• **Instructions to follow**: Write out each line of the entries exactly, starting at the first and finishing with the line that contains "Dents de Merlin".

Dataset items
┌──
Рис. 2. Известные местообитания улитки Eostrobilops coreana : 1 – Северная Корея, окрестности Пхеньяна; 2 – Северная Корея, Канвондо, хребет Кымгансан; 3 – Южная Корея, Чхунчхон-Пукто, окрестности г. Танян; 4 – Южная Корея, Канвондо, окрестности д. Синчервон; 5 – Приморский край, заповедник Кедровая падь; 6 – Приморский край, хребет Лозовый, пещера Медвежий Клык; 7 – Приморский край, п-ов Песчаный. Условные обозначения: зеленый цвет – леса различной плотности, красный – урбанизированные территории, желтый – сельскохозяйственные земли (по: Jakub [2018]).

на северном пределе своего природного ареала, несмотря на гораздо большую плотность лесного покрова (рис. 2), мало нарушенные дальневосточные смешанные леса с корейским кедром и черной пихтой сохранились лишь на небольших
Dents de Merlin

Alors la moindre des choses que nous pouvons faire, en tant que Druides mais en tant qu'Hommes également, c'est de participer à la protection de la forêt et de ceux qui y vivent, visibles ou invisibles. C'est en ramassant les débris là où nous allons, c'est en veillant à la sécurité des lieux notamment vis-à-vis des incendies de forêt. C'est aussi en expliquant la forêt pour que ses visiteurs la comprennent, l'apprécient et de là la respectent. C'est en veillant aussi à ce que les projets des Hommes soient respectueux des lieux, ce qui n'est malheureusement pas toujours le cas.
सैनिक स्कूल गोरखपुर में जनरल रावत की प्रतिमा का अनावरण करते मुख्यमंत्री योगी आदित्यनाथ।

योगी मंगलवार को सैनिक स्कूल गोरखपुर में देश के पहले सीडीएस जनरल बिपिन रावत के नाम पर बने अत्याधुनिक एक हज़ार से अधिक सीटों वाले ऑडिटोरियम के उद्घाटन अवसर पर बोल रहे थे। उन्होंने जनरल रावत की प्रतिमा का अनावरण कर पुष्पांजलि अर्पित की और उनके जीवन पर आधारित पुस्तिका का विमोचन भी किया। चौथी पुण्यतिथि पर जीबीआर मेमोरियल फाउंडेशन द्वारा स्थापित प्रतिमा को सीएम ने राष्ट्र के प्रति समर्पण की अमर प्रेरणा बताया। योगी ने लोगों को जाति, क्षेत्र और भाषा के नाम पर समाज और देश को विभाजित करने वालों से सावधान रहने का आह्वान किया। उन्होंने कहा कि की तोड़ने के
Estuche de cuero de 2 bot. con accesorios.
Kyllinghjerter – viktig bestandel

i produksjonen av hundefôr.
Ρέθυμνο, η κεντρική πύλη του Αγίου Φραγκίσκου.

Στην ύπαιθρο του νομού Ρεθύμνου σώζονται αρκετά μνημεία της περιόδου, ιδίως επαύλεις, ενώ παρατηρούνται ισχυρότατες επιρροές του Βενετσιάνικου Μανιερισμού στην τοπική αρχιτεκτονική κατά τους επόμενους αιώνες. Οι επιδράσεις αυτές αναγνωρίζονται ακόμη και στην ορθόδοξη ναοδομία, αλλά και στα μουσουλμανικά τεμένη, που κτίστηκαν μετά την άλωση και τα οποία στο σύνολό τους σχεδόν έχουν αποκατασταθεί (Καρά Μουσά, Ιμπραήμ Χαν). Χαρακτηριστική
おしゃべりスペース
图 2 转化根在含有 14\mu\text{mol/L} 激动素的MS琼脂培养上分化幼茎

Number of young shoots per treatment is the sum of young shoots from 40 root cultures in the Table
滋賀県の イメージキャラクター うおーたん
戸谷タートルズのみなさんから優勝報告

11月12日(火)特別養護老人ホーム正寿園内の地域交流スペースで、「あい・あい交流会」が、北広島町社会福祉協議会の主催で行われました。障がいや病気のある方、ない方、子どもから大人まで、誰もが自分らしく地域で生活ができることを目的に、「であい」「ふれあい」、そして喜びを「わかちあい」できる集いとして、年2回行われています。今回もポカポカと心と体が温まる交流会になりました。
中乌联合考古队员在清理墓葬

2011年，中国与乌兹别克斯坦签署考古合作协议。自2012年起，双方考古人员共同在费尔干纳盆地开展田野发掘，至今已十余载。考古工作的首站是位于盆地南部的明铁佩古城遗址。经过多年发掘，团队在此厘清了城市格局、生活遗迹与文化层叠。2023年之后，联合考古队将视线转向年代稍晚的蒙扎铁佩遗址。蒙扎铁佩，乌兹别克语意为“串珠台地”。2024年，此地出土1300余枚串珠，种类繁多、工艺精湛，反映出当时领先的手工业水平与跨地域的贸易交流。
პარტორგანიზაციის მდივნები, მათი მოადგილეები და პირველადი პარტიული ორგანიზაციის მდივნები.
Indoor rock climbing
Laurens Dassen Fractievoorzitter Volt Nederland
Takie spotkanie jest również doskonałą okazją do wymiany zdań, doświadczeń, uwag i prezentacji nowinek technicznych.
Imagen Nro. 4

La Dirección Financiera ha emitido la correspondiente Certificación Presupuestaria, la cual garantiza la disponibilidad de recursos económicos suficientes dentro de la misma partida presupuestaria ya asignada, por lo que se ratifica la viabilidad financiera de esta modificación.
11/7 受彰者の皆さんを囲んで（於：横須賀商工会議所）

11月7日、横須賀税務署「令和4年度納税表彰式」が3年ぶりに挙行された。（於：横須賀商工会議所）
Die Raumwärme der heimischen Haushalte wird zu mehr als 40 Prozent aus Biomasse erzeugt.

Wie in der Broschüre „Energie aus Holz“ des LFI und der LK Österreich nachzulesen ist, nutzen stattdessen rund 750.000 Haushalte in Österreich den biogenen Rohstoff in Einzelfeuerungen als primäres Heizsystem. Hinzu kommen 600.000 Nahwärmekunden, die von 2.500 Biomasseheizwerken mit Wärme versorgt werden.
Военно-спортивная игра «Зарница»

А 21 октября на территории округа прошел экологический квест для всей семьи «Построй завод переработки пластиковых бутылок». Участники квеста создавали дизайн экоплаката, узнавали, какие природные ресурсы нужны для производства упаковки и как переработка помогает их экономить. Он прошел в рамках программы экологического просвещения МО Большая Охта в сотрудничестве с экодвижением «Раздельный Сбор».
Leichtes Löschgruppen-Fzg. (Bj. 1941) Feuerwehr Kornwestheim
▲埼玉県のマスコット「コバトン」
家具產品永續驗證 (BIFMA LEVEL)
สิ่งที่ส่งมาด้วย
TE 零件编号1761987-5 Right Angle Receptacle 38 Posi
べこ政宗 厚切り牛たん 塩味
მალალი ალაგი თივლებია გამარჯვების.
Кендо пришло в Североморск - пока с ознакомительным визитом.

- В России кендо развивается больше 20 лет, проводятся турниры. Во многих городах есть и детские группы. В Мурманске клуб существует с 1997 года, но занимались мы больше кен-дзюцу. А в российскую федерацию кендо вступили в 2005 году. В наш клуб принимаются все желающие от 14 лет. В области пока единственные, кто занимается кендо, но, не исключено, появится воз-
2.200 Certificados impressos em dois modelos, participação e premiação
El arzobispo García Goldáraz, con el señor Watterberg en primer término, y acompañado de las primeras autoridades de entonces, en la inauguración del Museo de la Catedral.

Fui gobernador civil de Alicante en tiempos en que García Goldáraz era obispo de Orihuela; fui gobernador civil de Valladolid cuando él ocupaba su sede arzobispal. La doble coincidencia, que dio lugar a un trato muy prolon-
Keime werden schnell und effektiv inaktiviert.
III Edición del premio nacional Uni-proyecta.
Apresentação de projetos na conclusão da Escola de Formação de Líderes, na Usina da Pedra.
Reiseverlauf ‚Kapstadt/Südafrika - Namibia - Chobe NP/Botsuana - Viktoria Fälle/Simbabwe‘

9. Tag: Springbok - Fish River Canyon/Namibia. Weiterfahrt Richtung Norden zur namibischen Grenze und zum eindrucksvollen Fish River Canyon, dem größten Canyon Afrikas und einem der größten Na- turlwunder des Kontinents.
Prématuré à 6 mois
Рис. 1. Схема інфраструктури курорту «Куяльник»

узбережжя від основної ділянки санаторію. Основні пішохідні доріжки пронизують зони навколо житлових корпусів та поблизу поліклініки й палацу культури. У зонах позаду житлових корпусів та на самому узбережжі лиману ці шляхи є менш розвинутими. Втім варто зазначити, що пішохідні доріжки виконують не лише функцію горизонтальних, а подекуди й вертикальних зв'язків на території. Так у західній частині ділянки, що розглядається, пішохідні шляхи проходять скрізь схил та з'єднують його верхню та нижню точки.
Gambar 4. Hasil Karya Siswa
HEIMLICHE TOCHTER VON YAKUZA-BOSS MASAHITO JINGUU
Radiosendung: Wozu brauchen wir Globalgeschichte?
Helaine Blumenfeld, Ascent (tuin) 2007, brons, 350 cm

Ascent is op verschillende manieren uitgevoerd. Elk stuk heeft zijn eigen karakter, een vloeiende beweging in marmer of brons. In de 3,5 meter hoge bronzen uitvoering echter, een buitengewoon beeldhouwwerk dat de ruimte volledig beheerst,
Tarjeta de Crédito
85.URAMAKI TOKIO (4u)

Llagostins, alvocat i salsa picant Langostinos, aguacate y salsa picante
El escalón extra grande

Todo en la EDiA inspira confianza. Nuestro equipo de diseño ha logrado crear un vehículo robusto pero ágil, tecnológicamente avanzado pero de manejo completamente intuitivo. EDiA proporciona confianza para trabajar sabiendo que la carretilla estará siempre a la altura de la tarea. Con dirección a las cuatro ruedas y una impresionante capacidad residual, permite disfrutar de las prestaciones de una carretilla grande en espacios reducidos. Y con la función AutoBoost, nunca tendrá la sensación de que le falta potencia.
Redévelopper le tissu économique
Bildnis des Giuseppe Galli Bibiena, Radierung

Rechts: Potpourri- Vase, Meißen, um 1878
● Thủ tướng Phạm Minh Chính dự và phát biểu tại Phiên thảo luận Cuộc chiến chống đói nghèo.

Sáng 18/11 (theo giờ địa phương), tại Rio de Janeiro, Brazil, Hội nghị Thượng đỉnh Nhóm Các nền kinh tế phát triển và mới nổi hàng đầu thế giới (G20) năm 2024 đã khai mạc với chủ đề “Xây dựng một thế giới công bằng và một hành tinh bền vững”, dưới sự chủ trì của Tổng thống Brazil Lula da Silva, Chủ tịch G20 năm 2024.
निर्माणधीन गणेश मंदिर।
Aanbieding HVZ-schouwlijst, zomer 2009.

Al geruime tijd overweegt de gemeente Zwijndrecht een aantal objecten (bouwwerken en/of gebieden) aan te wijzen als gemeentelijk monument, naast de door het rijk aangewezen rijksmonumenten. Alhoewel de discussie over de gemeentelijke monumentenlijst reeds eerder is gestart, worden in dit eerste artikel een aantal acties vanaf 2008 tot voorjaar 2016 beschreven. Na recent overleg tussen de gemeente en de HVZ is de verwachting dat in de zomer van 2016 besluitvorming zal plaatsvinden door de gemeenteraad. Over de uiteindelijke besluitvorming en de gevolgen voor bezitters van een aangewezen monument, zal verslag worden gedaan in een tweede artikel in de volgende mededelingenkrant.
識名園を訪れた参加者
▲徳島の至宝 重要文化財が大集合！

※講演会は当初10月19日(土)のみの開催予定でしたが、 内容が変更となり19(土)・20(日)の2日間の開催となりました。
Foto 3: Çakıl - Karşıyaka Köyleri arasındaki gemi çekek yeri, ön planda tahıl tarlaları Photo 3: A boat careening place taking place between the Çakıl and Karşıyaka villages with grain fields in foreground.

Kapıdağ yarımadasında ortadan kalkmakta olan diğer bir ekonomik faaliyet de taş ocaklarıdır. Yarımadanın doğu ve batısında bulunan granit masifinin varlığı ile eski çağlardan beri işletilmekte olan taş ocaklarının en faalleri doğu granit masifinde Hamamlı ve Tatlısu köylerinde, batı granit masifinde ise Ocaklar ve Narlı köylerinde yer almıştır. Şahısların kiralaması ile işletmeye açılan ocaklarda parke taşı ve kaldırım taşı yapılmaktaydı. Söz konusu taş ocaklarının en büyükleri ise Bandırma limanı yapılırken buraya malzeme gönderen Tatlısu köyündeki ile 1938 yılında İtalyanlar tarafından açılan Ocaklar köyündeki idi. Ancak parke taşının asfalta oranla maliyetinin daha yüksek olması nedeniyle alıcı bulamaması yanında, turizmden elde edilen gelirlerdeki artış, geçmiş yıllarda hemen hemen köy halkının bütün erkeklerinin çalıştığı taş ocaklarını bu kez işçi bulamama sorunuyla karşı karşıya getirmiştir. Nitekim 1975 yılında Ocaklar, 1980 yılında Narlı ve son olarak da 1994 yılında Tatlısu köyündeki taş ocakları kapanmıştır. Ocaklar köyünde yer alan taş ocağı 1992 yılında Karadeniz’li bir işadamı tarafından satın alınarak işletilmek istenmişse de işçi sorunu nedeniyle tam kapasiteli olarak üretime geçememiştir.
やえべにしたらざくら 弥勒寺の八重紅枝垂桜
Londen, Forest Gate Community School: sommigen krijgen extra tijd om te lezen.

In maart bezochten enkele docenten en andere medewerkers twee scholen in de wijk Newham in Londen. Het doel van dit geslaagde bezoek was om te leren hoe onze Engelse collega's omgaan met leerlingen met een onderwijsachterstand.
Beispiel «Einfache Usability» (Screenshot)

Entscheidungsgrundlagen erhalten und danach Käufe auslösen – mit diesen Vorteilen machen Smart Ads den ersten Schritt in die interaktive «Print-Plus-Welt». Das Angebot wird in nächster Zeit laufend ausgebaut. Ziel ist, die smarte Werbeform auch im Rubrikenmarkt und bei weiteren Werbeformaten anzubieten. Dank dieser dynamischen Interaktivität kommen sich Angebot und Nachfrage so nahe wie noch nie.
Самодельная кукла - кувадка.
└──
• **Result of the task**:
Рис. 2. Известные местообитания улитки Eostrobilops coreana : 1 – Северная Корея, окрестности Пхеньяна; 2 – Северная Корея, Канвондо, хребет Кымгансан; 3 – Южная Корея, Чхунчхон-Пукто, окрестности г. Танян; 4 – Южная Корея, Канвондо, окрестности д. Синчервон; 5 – Приморский край, заповедник Кедровая падь; 6 – Приморский край, хребет Лозовый, пещера Медвежий Клык; 7 – Приморский край, п-ов Песчаный. Условные обозначения: зеленый цвет – леса различной плотности, красный – урбанизированные территории, желтый – сельскохозяйственные земли (по: Jakub [2018]).

на северном пределе своего природного ареала, несмотря на гораздо большую плотность лесного покрова (рис. 2), мало нарушенные дальневосточные смешанные леса с корейским кедром и черной пихтой сохранились лишь на небольших
Dents de Merlin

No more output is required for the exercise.